:: Available data

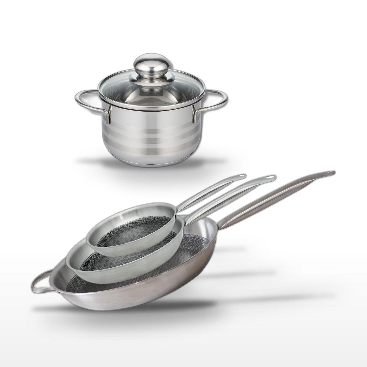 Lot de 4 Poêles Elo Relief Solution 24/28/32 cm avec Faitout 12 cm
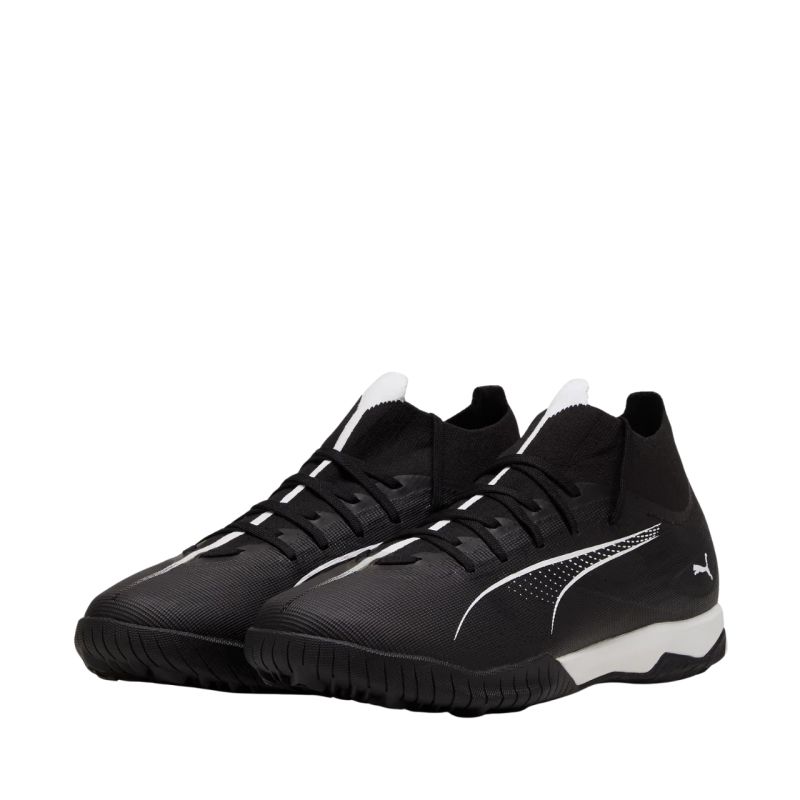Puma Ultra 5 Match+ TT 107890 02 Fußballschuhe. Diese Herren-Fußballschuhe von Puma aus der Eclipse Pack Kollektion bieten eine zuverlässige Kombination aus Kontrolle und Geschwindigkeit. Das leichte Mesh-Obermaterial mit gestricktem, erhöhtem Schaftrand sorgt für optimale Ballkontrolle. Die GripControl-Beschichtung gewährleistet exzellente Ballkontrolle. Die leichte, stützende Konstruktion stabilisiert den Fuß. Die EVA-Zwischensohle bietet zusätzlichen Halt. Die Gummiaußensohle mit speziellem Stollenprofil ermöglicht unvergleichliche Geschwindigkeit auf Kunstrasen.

::::
:: Available data

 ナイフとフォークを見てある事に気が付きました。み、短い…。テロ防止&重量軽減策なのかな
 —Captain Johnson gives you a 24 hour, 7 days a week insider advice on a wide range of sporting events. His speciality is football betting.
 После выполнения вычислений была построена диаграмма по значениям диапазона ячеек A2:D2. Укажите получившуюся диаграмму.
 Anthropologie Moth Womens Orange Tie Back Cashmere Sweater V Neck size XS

::::
:: Available data

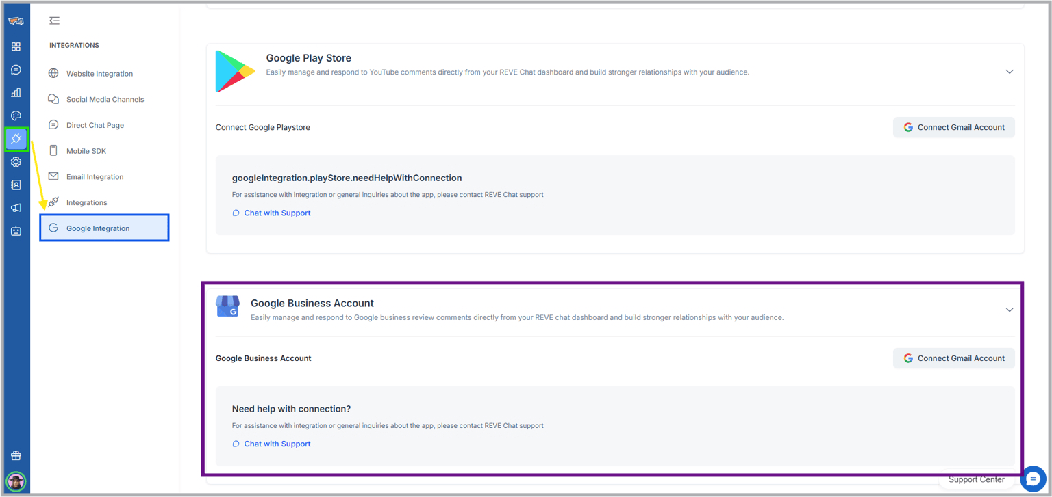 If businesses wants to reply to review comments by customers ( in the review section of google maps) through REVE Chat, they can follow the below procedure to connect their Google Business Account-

::::

• What to do:
Copy the lines above exactly. Start with the line containing "После выполнения вычислений", end with the line containing "Anthropologie Moth Womens", and include both.

• Exercise solution:
 После выполнения вычислений была построена диаграмма по значениям диапазона ячеек A2:D2. Укажите получившуюся диаграмму.
 Anthropologie Moth Womens Orange Tie Back Cashmere Sweater V Neck size XS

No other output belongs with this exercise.